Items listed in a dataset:
======

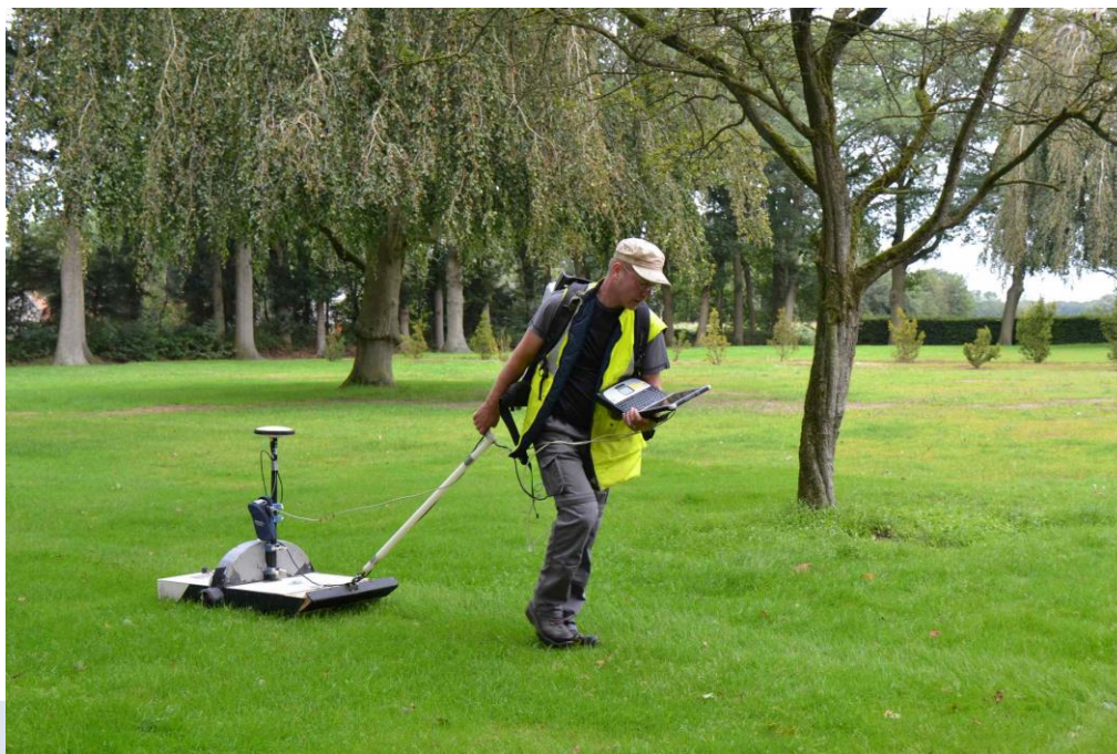
Foto: Binnen inventariserend veldonderzoek valt geofysisch onderzoek onder IVO-Overig. Voor het geofysisch onderzoek mag gekozen worden, als ingeschat wordt dat een geofysisch onderzoek toegevoegde waarde heeft voor de beantwoording van de archeologische vraagstelling, bijvoorbeeld als verwacht mag worden dat archeologisch materiaal of structuren in de bodem een meetbaar contrast veroorzaakt. Geofysisch onderzoek kan ook – volgend op een bureauonderzoek – vooraf gaan aan het opstellen van een PvE. In dat geval valt het niet onder IVO-Overig (zie protocol PvE).

Het IVO kan uitgevoerd worden als een IVO-proefsleuven (IVO-P) (waarbij veldwerk o.a. bestaat uit het aanleggen van proefsleuven en proefputten) of als een IVO-overig (IVO-O) (waarbij het veldwerk kan bestaan uit kartering, boringen, profielputjes of geofysisch onderzoek). IVO-P en IVO-O zijn in dit protocol als afzonderlijke onderdelen uitgewerkt (zie paragraaf 1.2).
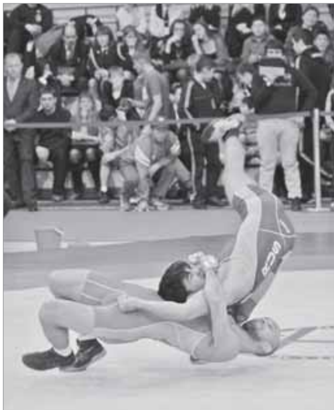
С изменением правил греко-римская борьба стала более зрелищной и динамичной

Как всегда, были среди участников и недовольные судьейством. «Какие четыре очка? Максимум два!» - негодовал один из именитых тренеров. В такие моменты
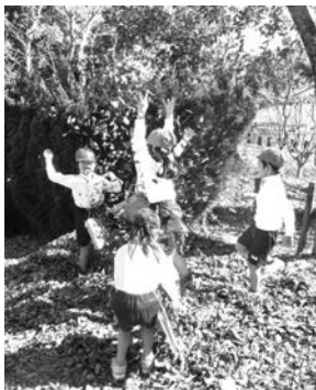
落ち葉を集めたよ(常磐東小)

「つながる喜び」。交響曲第九番の歌詞における大きなテーマであるとともに、米津氏が会のメンバーに味わってもらいたいと考えているものでもある。 目の前にいる子供たちは、つながる喜びを味わっているだろうか。改めて考えてみる。
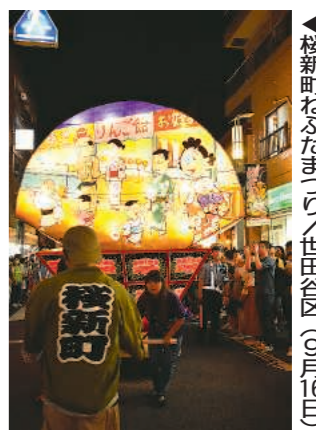
▶接新町なまなままつり/世田谷区(9月16日)
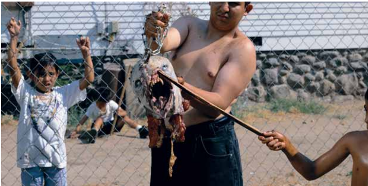
Highland Park, 1999

was hij vastbesloten om pornografie tot kunst te verheffen. Zijn geësceneerde, meestal grootformaatfotografie, die in een vroeger stadium verwantschap vertoont met het werk van Jeff Wall en Gregory Crewdson, evolueert van narratief-geconstrueerd tot abstract-experimenteel. Zelf zegt hij daarover in een in Cannes gehouden interview: 'Ik wilde de gestructureerdheid van het verhalende element of het scenario van de foto doorbreken door het onderwerp centraal te stellen. Daarom overwoog ik de rol van film in mijn werk. Hoe minder filmisch mijn foto's werden, hoe meer ik geïnteresseerd raakte in film, als onderzoek van een bepaald thema gedurende een aantal minuten. American Minor zou je een fotografische film kunnen noemen. Experimenterend met subtiele bewegingen en andere eigenschappen die film je biedt door het geluid en de tijdsduur.'
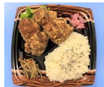
※画像はすべてイメージです。

また弁当コーナーでは、地元のお客さまに馴染みのある調味料「味どうらくの里」で味付けした唐揚げを使用した弁当「味わいでか唐揚げ！弁当（味どうらくの里使用）」などを品揃えます。
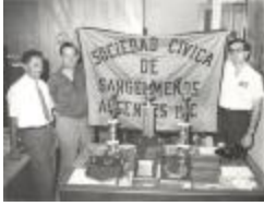
?Sociedad Cívica Sangermeños Ausentes / San Germán Hometown Club (SCSA_b01_f03_002)
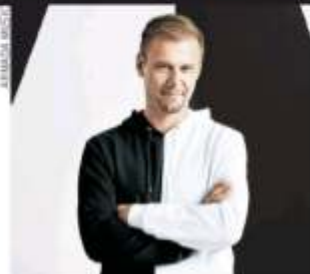
ARMIN VAN BUUREN
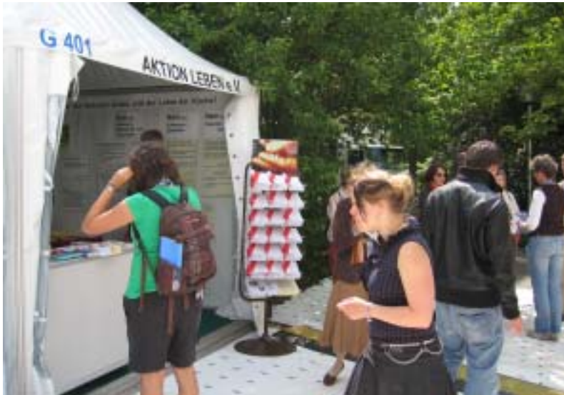
Unser Infostand, ganz am Rand des Katholikentags. Trotzdem kamen viele Menschen zum Gespräch und um unsere Infoschriften mitzunehmen.

Woche), die wir an unserem Stand zeigten und verteilten. Sie seien „anstößig“! Weil wir eine Entfernung dieser Modelle, die die Katholikentagsleitung diktatorisch von uns forderte, als Verrat an den ungeborenen Kindern und unserer Arbeit betrachteten und die Modelle nicht, wie es eine andere Lebensrechtsgruppe tat, verschwinden ließen, sollten wir ausgeschlossen werden.
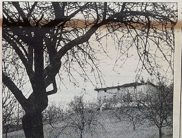
Sagarondoaren kopurua txikia da.
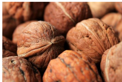
18. orzechy –
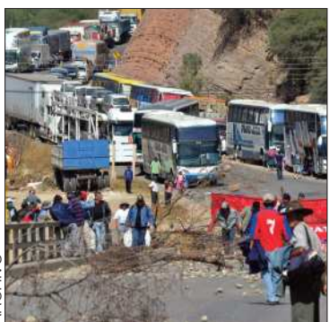
Faltan cuatro TED que definirse

Los tribunales de La Paz, Oruro, Cochabamba y Potosí siguen acéfalos.
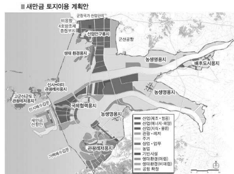
그림 4. 2014년 토지이용계획

농업용지 이외 생태환경용지와 농촌도시용지가 2개 분포하고 있음을 알 수 있다. 신재생에너지용지 일부는 바이오 에너지 작물을 재배하는 재배지로 농림축산식품부에서 관할한다.
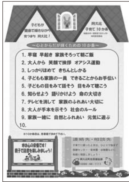
家庭に配布したパンフレット

「心とからだが輝くための10か条」と題して、幼児教育研究部会で9か条を定め、10か条目は各家庭で決めてくださいとお願いしました。園や学校から家庭に照会したところ、各家庭でそれぞれの「10か条目」が決められていました。その中からいくつかを紹介します。
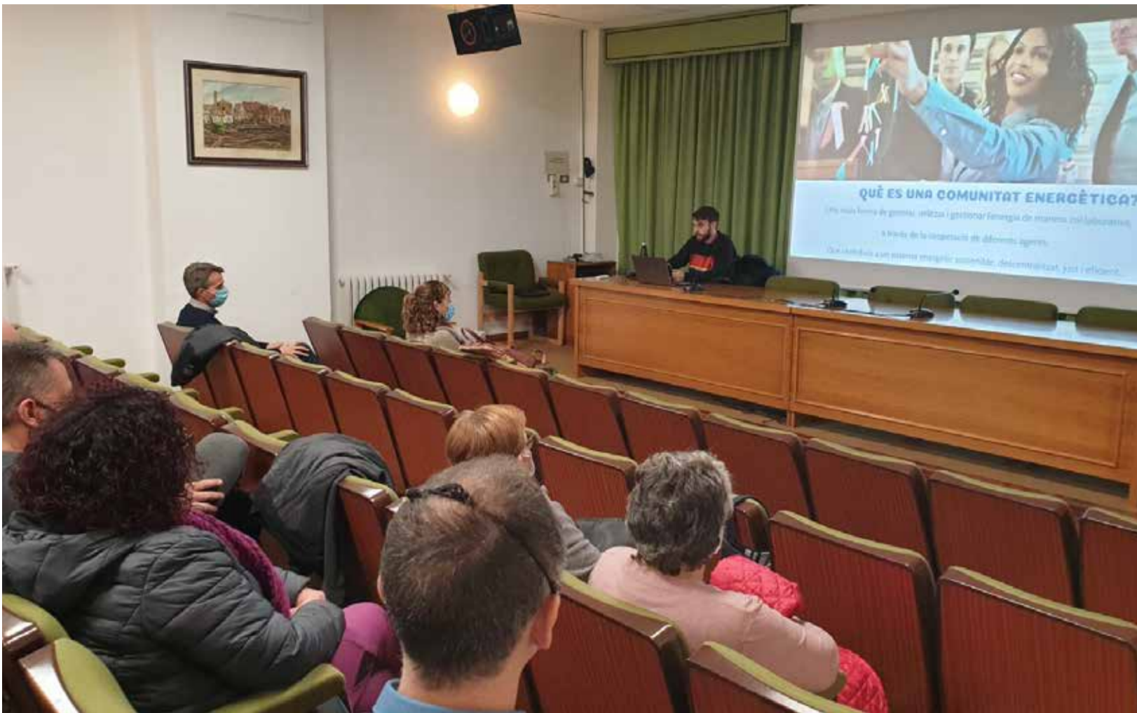
Comunitat Energètica Local a Vilafranca.
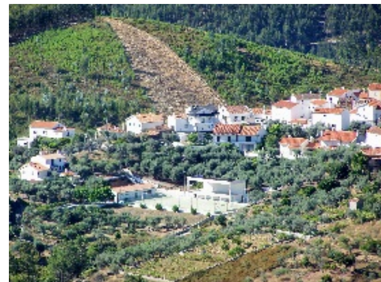
Machio (de cima e de baixo): Igreja Matriz, junta de freguesia, capela e vista parcial
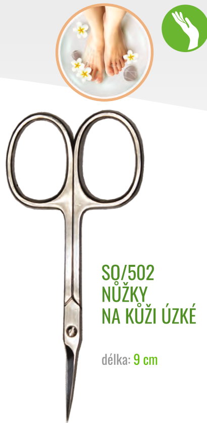
SQ/502 NŮŽKY NA KŮŽI ÚZKÉ
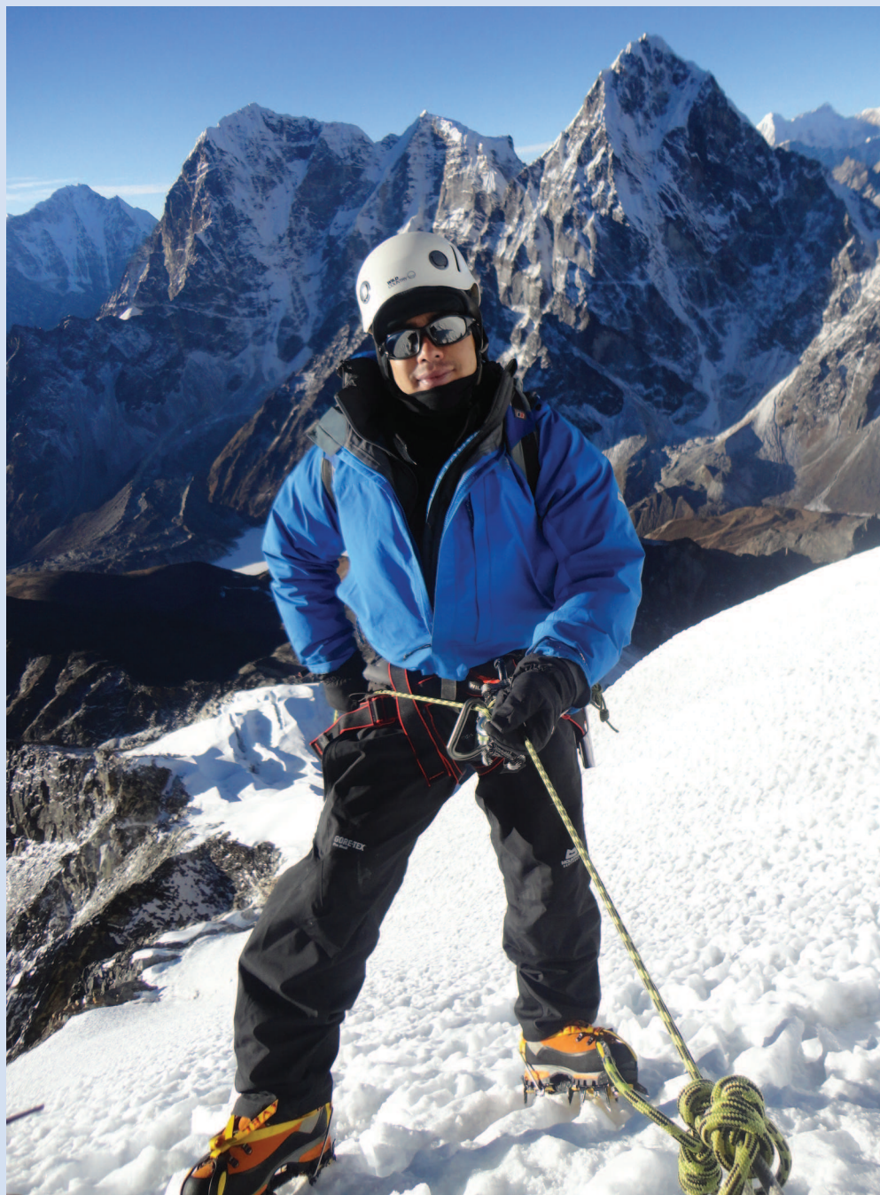
Первое серьезное восхождение. Пик Лобуче. Привыкаю ходить в кошках
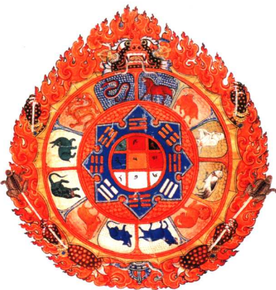
布画唐卡《十二生肖图》

缂丝唐卡和贴花唐卡四类。贴花唐卡是把彩缎剪成各种图案，粘贴在缎面或布面上，又称为“堆绣”。“堆绣”在青海藏区非常盛行，堆绣、壁画和酥油花并称为藏传佛教著名寺院塔尔寺艺术
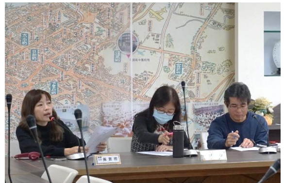
輔導主任補充說明
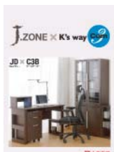
J3D x C3B (A4 二つ折り)
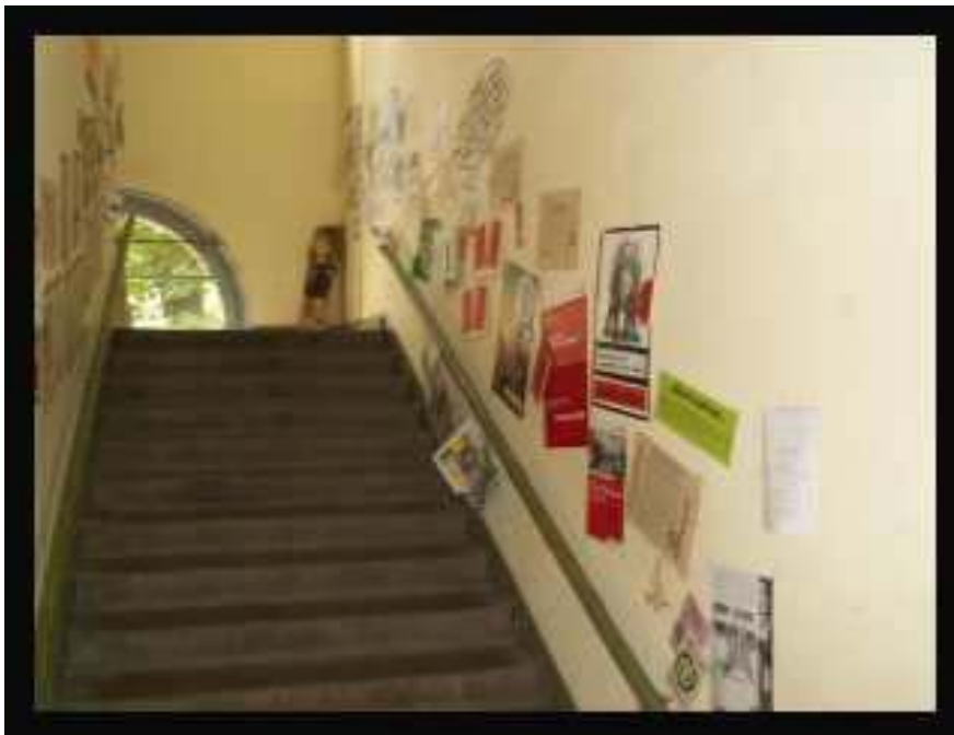
Eine von mehreren Ausstellungen in den Gängen

======

**ASSIGNMENT**. Copy exactly the lines that run from the line containing "Comunitat Energètica Local a Vilafranca." to the end of the data above, keeping both end lines and leaving out all pictures.

**RESULT OF THIS EXERCISE**.
Comunitat Energètica Local a Vilafranca.
Machio (de cima e de baixo): Igreja Matriz, junta de freguesia, capela e vista parcial
SQ/502 NŮŽKY NA KŮŽI ÚZKÉ
Первое серьезное восхождение. Пик Лобуче. Привыкаю ходить в кошках
布画唐卡《十二生肖图》

缂丝唐卡和贴花唐卡四类。贴花唐卡是把彩缎剪成各种图案，粘贴在缎面或布面上，又称为“堆绣”。“堆绣”在青海藏区非常盛行，堆绣、壁画和酥油花并称为藏传佛教著名寺院塔尔寺艺术
輔導主任補充說明
J3D x C3B (A4 二つ折り)
Eine von mehreren Ausstellungen in den Gängen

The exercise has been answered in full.